Federal bonds have lost 0.7 percent this year, according to Bank of America Merrill Lynch data.
The spread between two-year Canadian and U.S. two-year government debt widened to 117 basis points yesterday, the biggest gap since January 2011 on speculation central bank Governor Mark Carney is preparing to raise borrowing costs this year to counter inflation that’s rising faster than the Bank of Canada previously predicted.
Carney reiterated the bank’s forecast that the Canadian economy will grow 2.4 percent this year. Carney gave the forecast in a presentation yesterday in Ottawa. He said earlier this week in an appearance before lawmakers that interest rate increases may be necessary to counter rising inflation.
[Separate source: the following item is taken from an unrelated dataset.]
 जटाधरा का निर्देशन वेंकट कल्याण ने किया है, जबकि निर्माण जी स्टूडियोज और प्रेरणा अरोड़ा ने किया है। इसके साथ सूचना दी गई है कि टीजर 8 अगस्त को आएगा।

The probability of higher borrowing costs by the central bank’s October meeting rose to about 85 percent yesterday, according to Bloomberg calculations based on overnight index swaps. Odds were 19 percent on April 16, the day before policy makers suggested rates would rise sooner than economists expected as slack in the economy evaporates.
“The pressure for the Bank of Canada to eventually raise rates can only grow,” amid a U.S. recovery and a central bank on “permanent hold,” said Kit Juckes, head of foreign-exchange research at Societe Generale SA, by phone from London. “The policy conundrum is going to get bigger not smaller.”
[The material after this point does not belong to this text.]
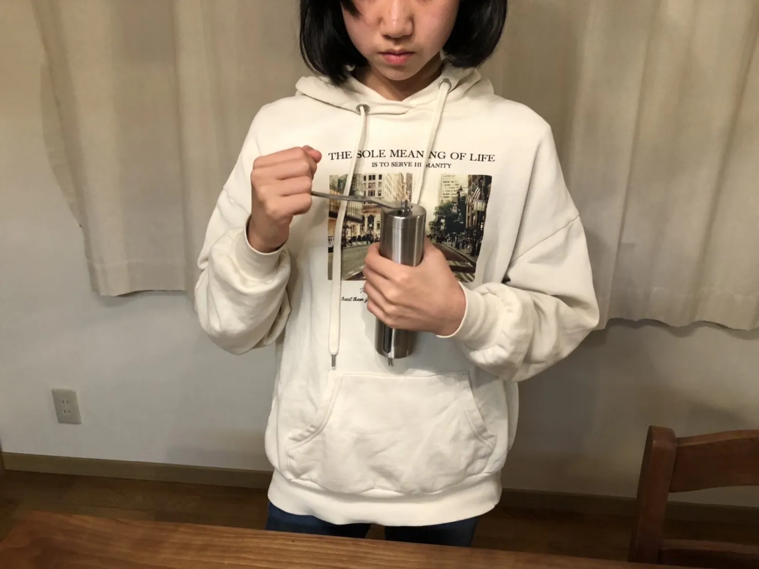 昨日の続きですが、焙煎後も知り合いのお子様一人で手動ミルにて豆を粉にされたそうです…

Canada’s gross domestic product expanded 0.2 percent in February, compared with 0.1 percent in the previous month, according to the median of 24 projections compiled by Bloomberg. Statistics Canada is due to release the report at 8:30 a.m. Ottawa time in two days.
The world’s 10th largest economy will grow at a 2.5 percent annualized pace this quarter, up from a January estimate of 1.8 percent, the Bank of Canada said in an April 18 quarterly policy report. Inflation will average 2 percent through June, higher than a previous estimate of 1.5 percent.
GDP, the value of all goods and services produced in the U.S., rose at a 2.2 percent annual rate after a 3 percent pace, Commerce Department figures showed yesterday. The median forecast of economists surveyed by Bloomberg News called for a 2.5 percent rise.
Carney said yesterday in Ottawa that borrowing costs in Canada are “exceptionally low” and high consumer debt in the nation “calls for prudence.”
Futures on crude oil, Canada’s biggest export, increased 1.7 percent this week to $104.76 barrel. Copper futures climbed 3.8 percent to $3.8340 a pound in New York. Raw materials account for about half of Canada’s export revenue.
The Canadian dollar rose 1.9 percent during the past three months in the second-best performance among the 10 developed-nation currencies tracked by Bloomberg Correlation-Weighted Currency Indexes. The biggest gainer was the British pound, up 3.2 percent.
The loonie, which traded as low as C$1.0319 in January, will weaken to parity with its U.S. counterpart by the end of June before strengthening to 98 cents at year-end, according to the median of 40 forecasts compiled by Bloomberg.